1Clinical Health Sciences, Faculty of Medicine, Utrecht University, 3508 TC, Utrecht, The Netherlands
2Rudolf Magnus Institute of Neuroscience and Center of Excellence for Rehabilitation Medicine, University Medical Center Utrecht and Rehabilitation Center De Hoogstraat, Rembrandtkade 10, 3582 TM Utrecht, The Netherlands
3Department of Rehabilitation Medicine, Research Institute MOVE, VU University Medical Centre, 1081 HV Amsterdam, The Netherlands

Received 14 June 2011; Revised 22 July 2011; Accepted 15 August 2011

Academic Editor: Gillian Mead

Copyright © 2012 Hanna Maria van Eijsden et al. This is an open access article distributed under the Creative Commons Attribution License, which permits unrestricted use, distribution, and reproduction in any medium, provided the original work is properly cited.

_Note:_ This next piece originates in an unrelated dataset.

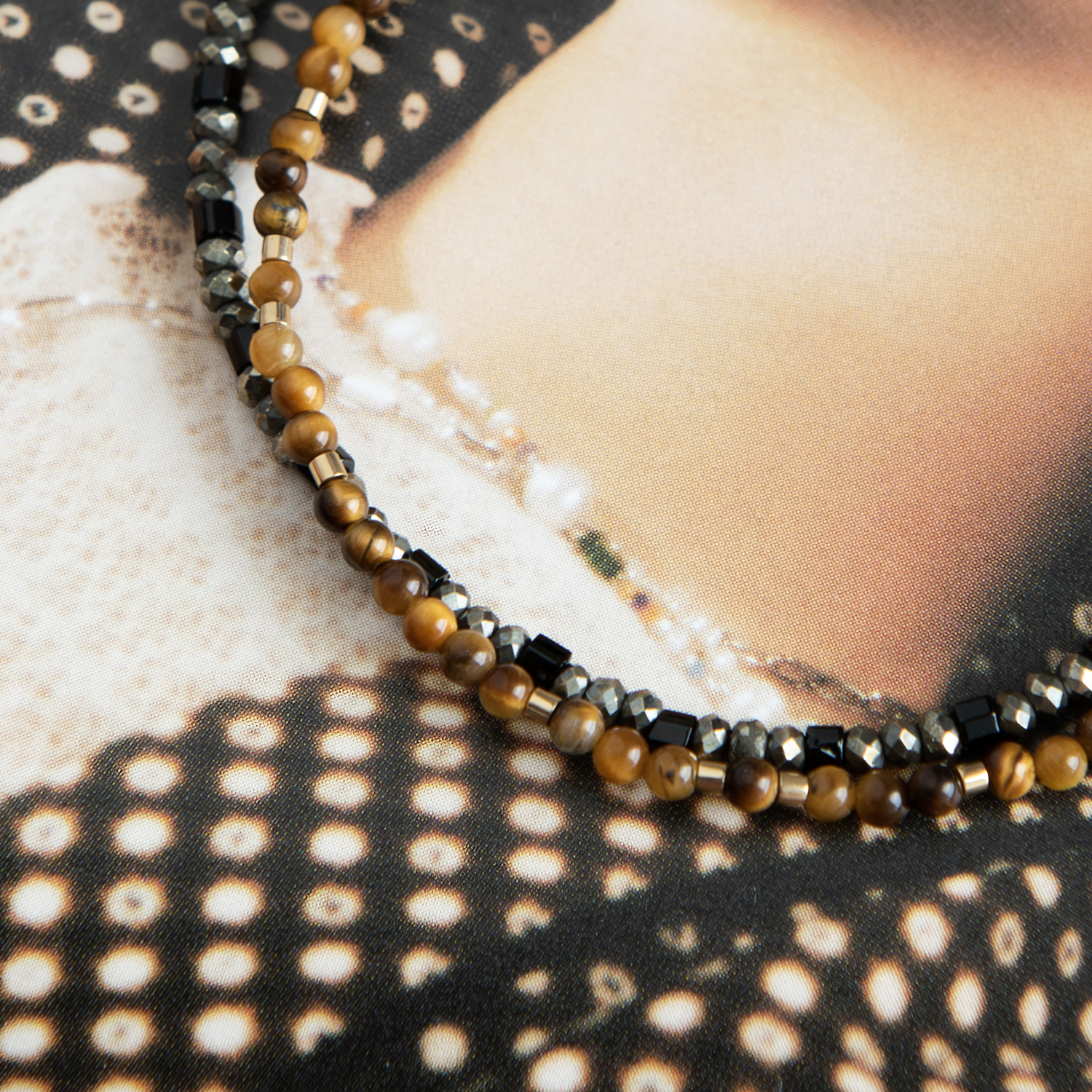 Each piece is unique and handmade, with variations in the placement of the beads.

Background. Several studies have examined determinants related to post-stroke fatigue. However, it is unclear which determinants can predict an increase in poststroke fatigue over time. Aim. This prospective cohort study aimed to identify determinants which predict an increase in post-stroke fatigue. Methods. A total of 250 patients with stroke were examined at inpatient rehabilitation discharge (T0) and 24 weeks later (T1). Fatigue was measured using the Fatigue Severity Scale (FSS). An increase in post-stroke fatigue was defined as an increase in the FSS score beyond the 95% limits of the standard error of measurement of the FSS (i.e., 1.41 points) between T0 and T1. Candidate determinants included personal factors, stroke characteristics, physical, cognitive, and emotional functions, and activities and participation and were assessed at T0. Factors predicting an increase in fatigue were identified using forward multivariate logistic regression analysis. Results. The only independent predictor of an increase in post-stroke fatigue was FSS (OR 0.50; 0.38–0.64, ). The model including FSS at baseline correctly predicted 7.9% of the patients who showed increased fatigue at T1. Conclusion. The prognostic model to predict an increase in fatigue after stroke has limited predictive value, but baseline fatigue is the most important independent predictor. Overall, fatigue levels remained stable over time.